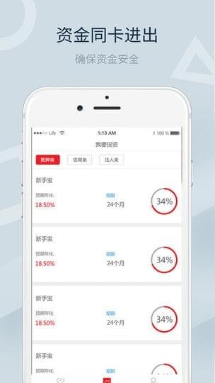 【风控严格,安全有保障】资金同卡进出,确保资金安全,投资产品到期后,客户本金利息将返回到账户余额,可再次投资亦可提现,资金流转透明可监控。最大化保障您的本息安全,降低投资风险保障投资人利益,理财安全更省心。
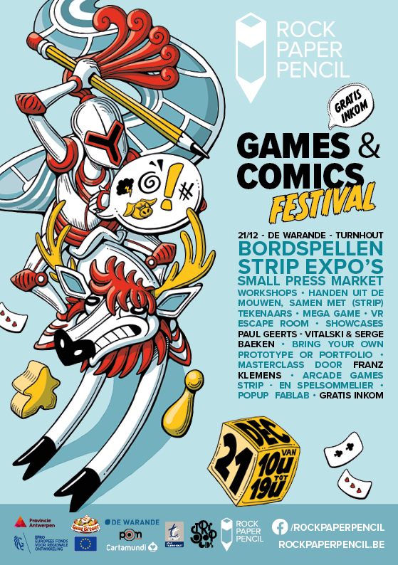 Deze beurs, die zich zowel naar de stripliefhebbers als naar de bordspelers richt, vindt plaats in de Warande te Turnhout, van 10u tot 19u. Turnhout is de thuisstad van zowel speelkaartenproducent Carta Mundi als van spellenuitgever Game Brewer. Beiden ondersteunen Rock Paper Pencil Games & Comics Festival.
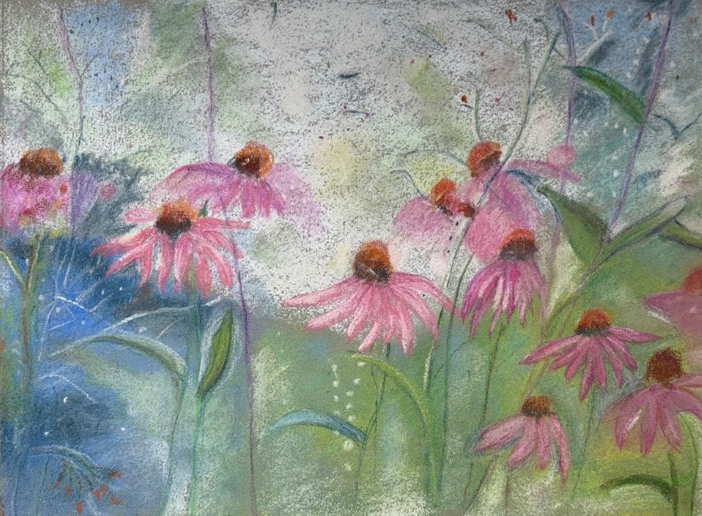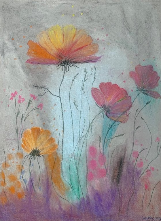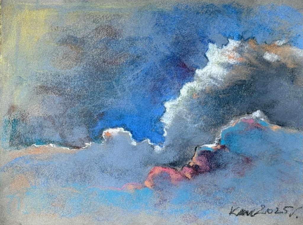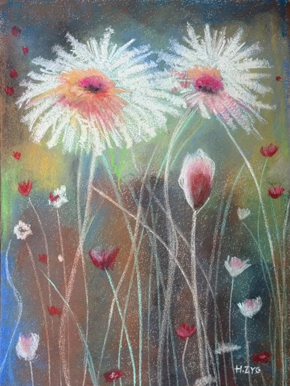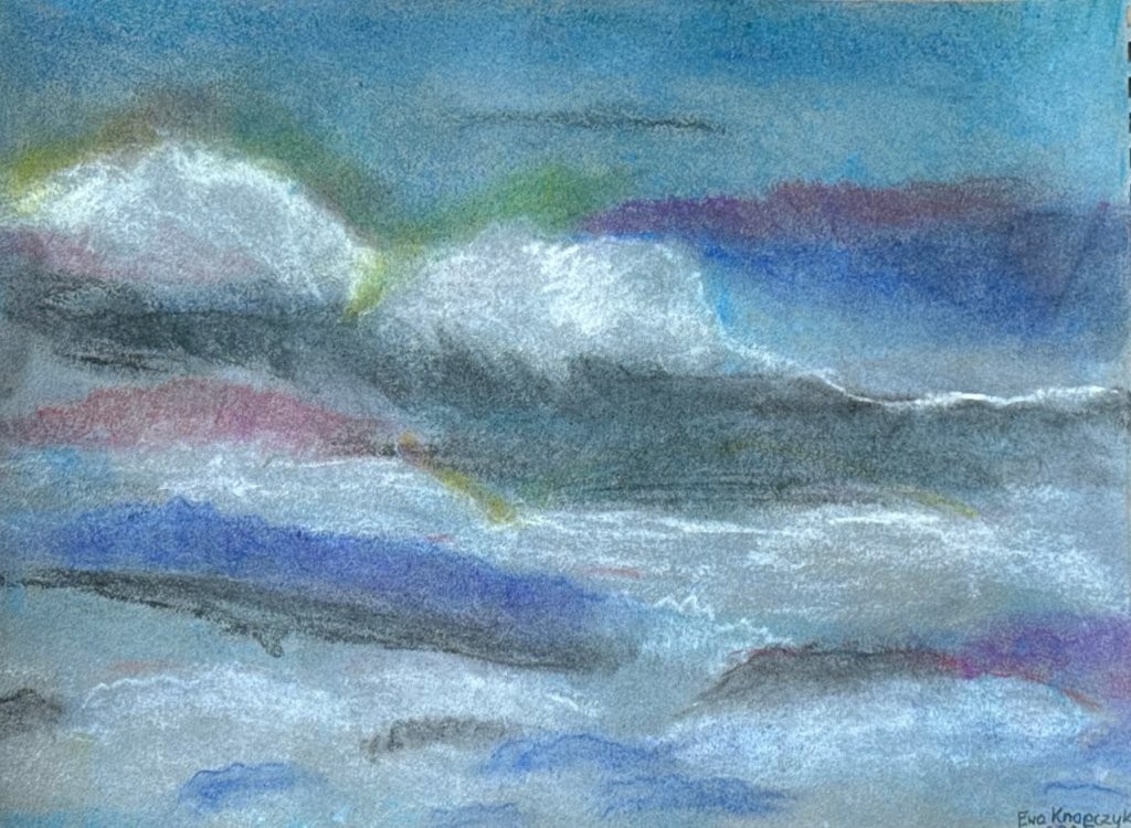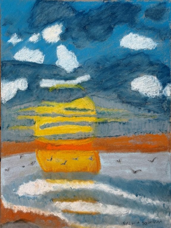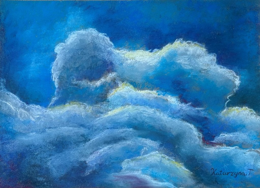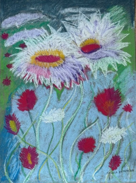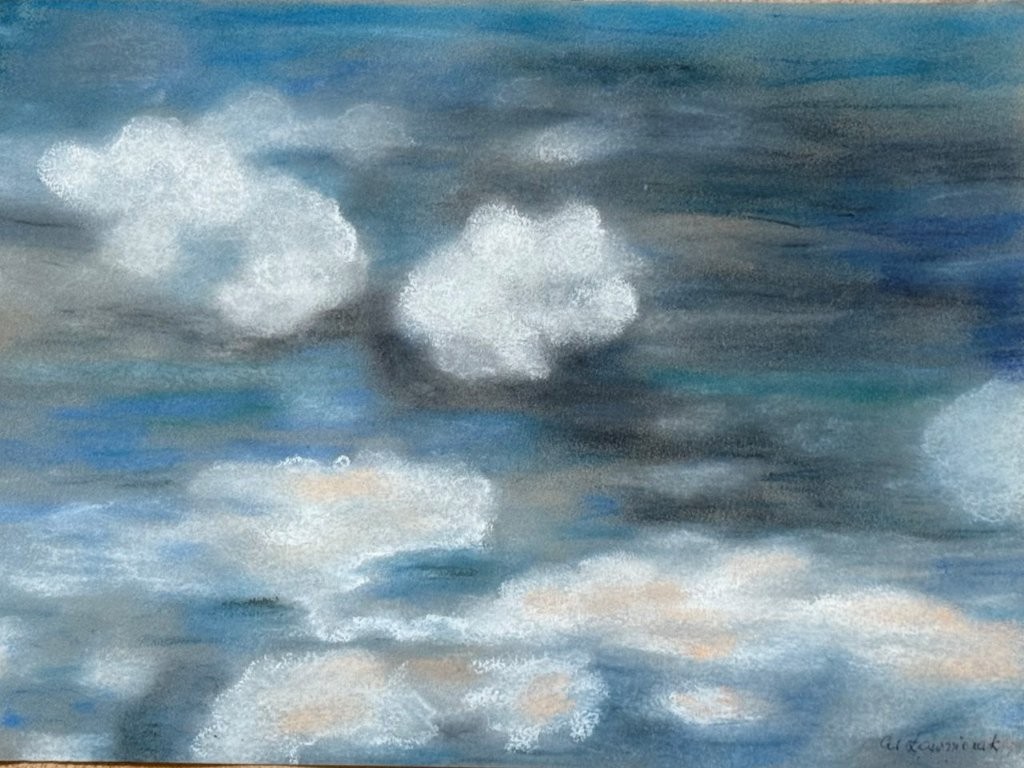Wystawa obejmuje prace w kolejnej technice, z jaką zapoznali się seniorzy podczas pleneru malarskiego w Kołobrzegu. Obok linorytu i akwareli, wykonywano również prace w formacie A3 w technice pastelu suchego, którego tematyką były kwiaty i chmury. Podobnie jak akwarele i linoryty, prace wykonane w technice pastelu suchego wymagają oprawy pod szkłem lub pleksi.
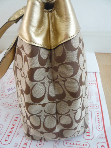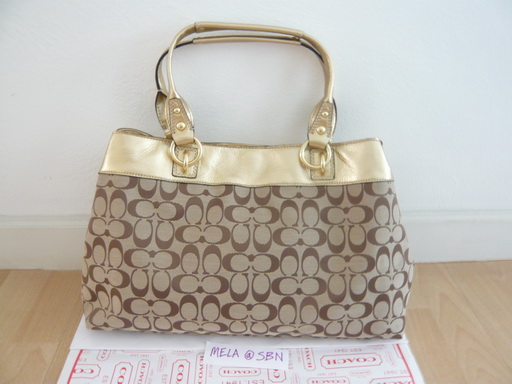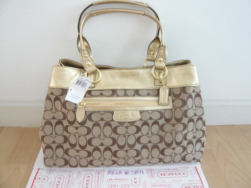 เป็นกระเป๋าซึ่งมาจาก outlet อเมริกา จะไม่มีถุงให้เลยนะค่ะ ได้แต่กระเป๋าอย่างเดียวเลยใบแรก รุ่น Pen signature LG shop สีน้ำตาลทอง ขนาด 27 X 43 CM ราคา
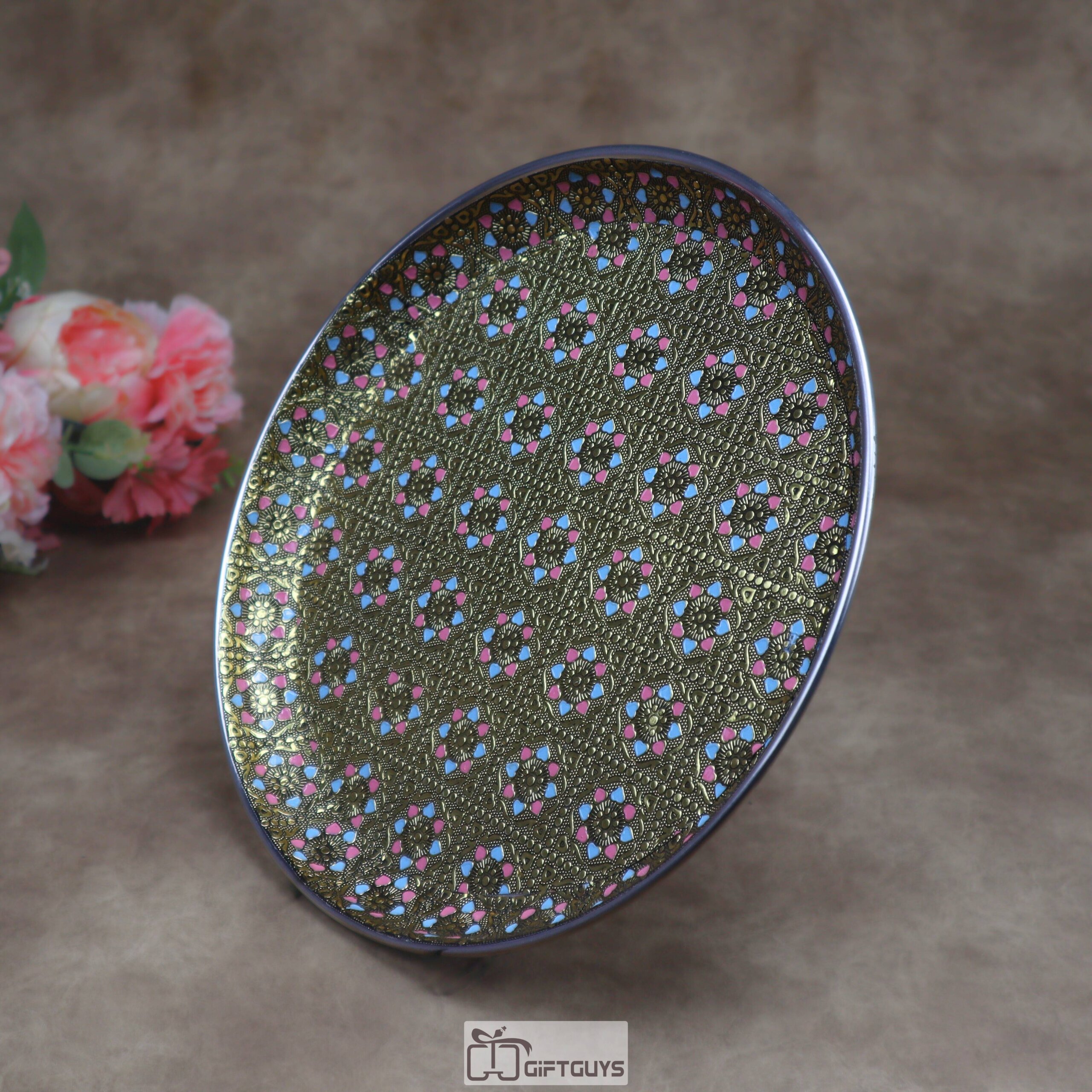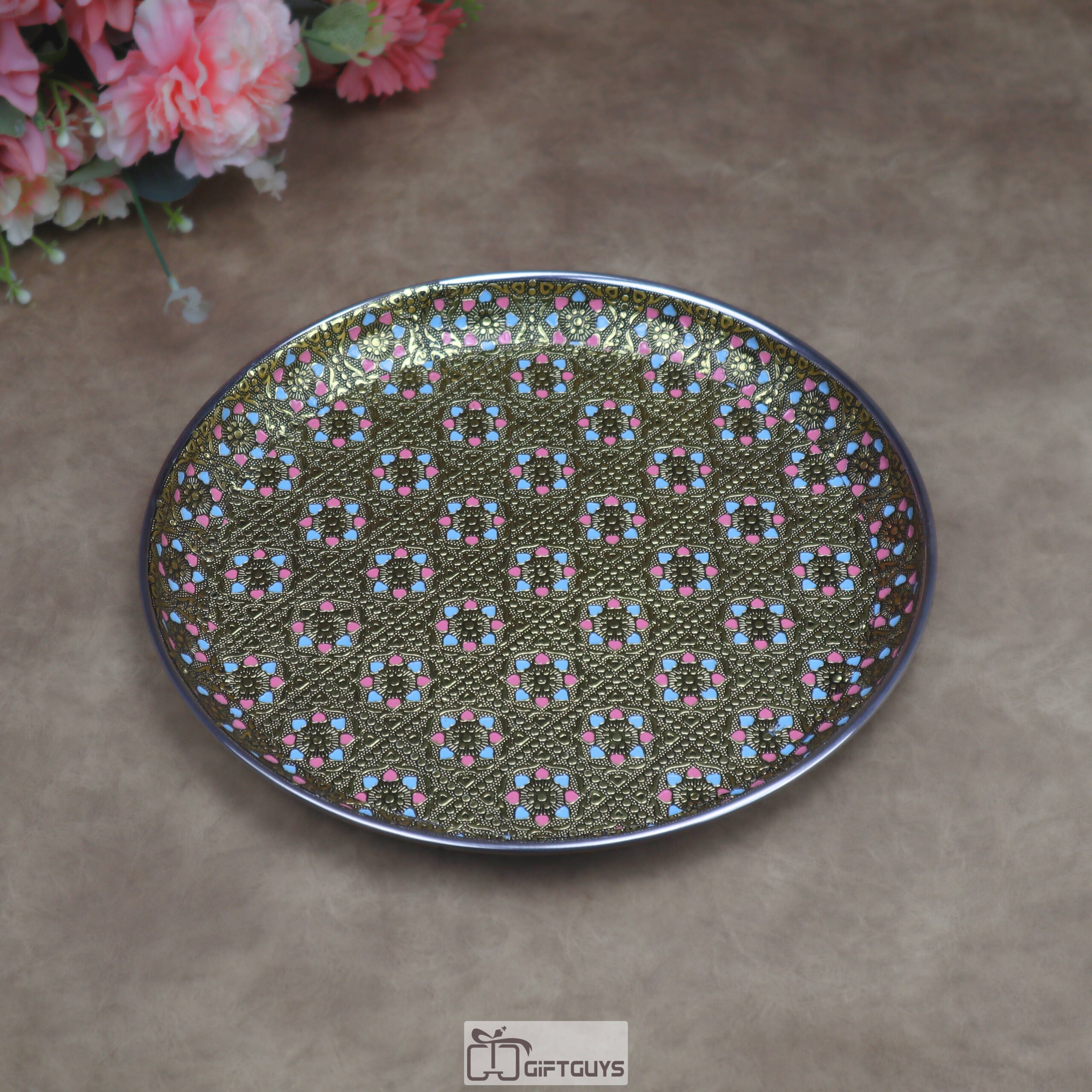 Traditional Meenakari Steel Plate | Oxidised Thali for Pooja & Gifts (12 Inch)
========
> _Task brief_:
Take the listing above and retype it exactly. Its pictures are to be omitted.

> _Response below_:
 【风控严格,安全有保障】资金同卡进出,确保资金安全,投资产品到期后,客户本金利息将返回到账户余额,可再次投资亦可提现,资金流转透明可监控。最大化保障您的本息安全,降低投资风险保障投资人利益,理财安全更省心。
 Deze beurs, die zich zowel naar de stripliefhebbers als naar de bordspelers richt, vindt plaats in de Warande te Turnhout, van 10u tot 19u. Turnhout is de thuisstad van zowel speelkaartenproducent Carta Mundi als van spellenuitgever Game Brewer. Beiden ondersteunen Rock Paper Pencil Games & Comics Festival.
Wystawa obejmuje prace w kolejnej technice, z jaką zapoznali się seniorzy podczas pleneru malarskiego w Kołobrzegu. Obok linorytu i akwareli, wykonywano również prace w formacie A3 w technice pastelu suchego, którego tematyką były kwiaty i chmury. Podobnie jak akwarele i linoryty, prace wykonane w technice pastelu suchego wymagają oprawy pod szkłem lub pleksi.
 เป็นกระเป๋าซึ่งมาจาก outlet อเมริกา จะไม่มีถุงให้เลยนะค่ะ ได้แต่กระเป๋าอย่างเดียวเลยใบแรก รุ่น Pen signature LG shop สีน้ำตาลทอง ขนาด 27 X 43 CM ราคา
 Traditional Meenakari Steel Plate | Oxidised Thali for Pooja & Gifts (12 Inch)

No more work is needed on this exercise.